Probably right around the time that Butterfield and Roberts were dreaming up Spy in France, another pair were having a blue sky idea conversation at a College Street restaurant in Toronto.
Darcy Hagerman, a well-established Toronto yoga teacher and owner of multiple studios, asked her husband, Ian Smith, a commercial real estate agent, “If you could live anywhere and do anything without the constraints of education and finances what would you do?”

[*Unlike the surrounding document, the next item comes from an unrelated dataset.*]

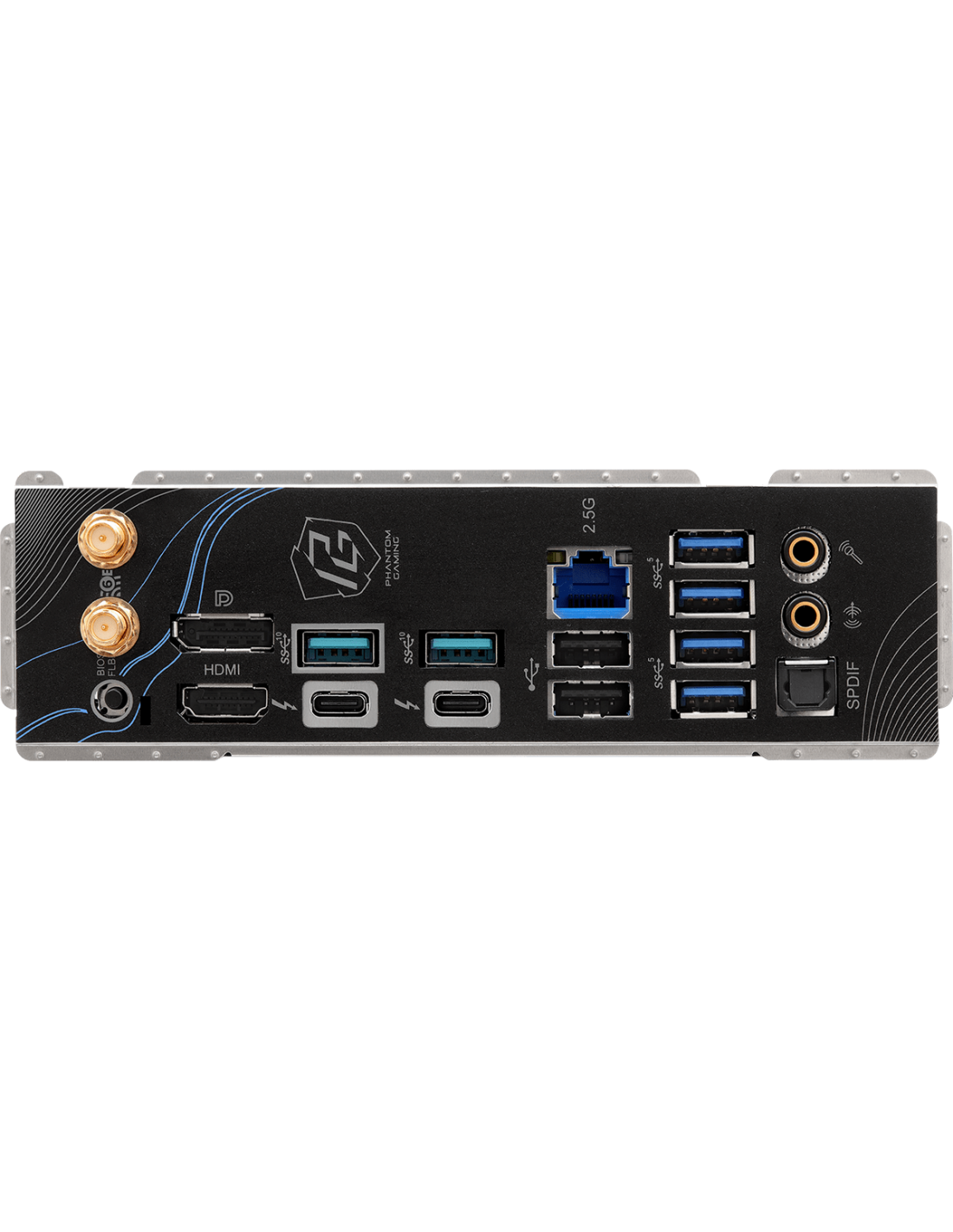 2 x Antenna Ports;1 x HDMI Port;1 x DisplayPort 1.4;1 x Optical SPDIF Out Port;2 x Thunderbolt™ 4/USB4 Type-C Ports (40 Gb/s);2 x USB 3.2 Gen2 Type-A Ports (10 Gb/s);4 x USB 3.2 Gen1 Ports;2 x USB 2.0 Ports;1 x RJ-45 LAN Port;1 x BIOS Flashback Button;1 x

“I would live near Collingwood and run a distillery,” said Smith. “I love marketing and I think it would be an ironic and neat angle because I don’t drink.”
Fast forward to March 2023, Hagerman and Smith are living on a 50-acre property in the Beaver Valley and are en route to the airport to fly to Florida for March Break when Smith sees a Sotheby’s no-reserve auction sign going into the ground at Spy.
“A no-reserve auction essentially means the item will be sold regardless of price. We had seen the property go on sale in November but couldn’t figure it out financially. Now it appeared the market had cooled down,” says Smith.
Game on!
Smith and Hagerman spent the next nine days in Florida in a nail-biting race to get all the paperwork lined up to put in their bid. The day they were leaving, it was all up to the cider fairies.
“I remember starfishing my body in the pool that morning, staring at the sky and thinking our lives could really change today—or not at all,” says Hagerman. “I recently had had my tarot cards read and was told that at the beginning of Aries season, something big and life-changing was going to happen and to be ready!” On March 21, the beginning of Aries season, the auction for Spy went live at 4 p.m. Hagerman and Smith found out their bid had won at 4:11.
By 4:30, two folks with zero hospitality or distilling experience were on their way back to Canada as the new owners of Spy: a 3,000-square-foot production space, four-season patio, acres of orchards, a two-storey consumer-facing retail shop and tasting room, six 12,000-litre fermentation tanks (some filled with juice), a 12,000-litre carbonation/brite tank, glycol temperature-controlled tanks, and more.
The power of manifestation is remarkable.
So now what? Who was going to use all this fancy equipment to make cider
and spirits?
Enter Martha Lowry, an old family friend who Smith serendipitously remembered he used to babysit. He Googled Lowry and realized she’s revered in the industry, having worked at Dillon’s, Mill Street Brewery and Brickworks Ciderhouse.
“I gave her a call and said, ‘I haven’t talked to you in 20 years but it sounds like you are doing amazing stuff and we just bought a cidery and would love if you could come do the inventory check with us and let us know if we are dumb or crazy.’”
The site visit was a hit. At the time, Lowry and her husband Alastair were gearing up to open a small orchard-to-glass cidery, Woodfolk, utilizing regenerative farming, on their 87-acre property. The Woodfolk project is still in the works but for now Lowry is thrilled to be at Spy because of the amazing orchards, equipment, space and, most importantly, the two big-hearted visionaries, Hagerman and Smith.
“Ian and Darcy are awesome and so community-focused, with a desire to build cool spots for people to come, eat and drink tasty things. They care about connecting with local farmers. I have always been in love with plants, flowers and gardening. Apples got into my blood and the more I learned about their history, flavour and flavour compounds, the more I fell in love. I don’t know any other fruit that has that much variation,” says Lowry.
“The idea of creating a fermented beverage from a Canadian agriculture product utilizing all the different flavours of apples is so exciting.”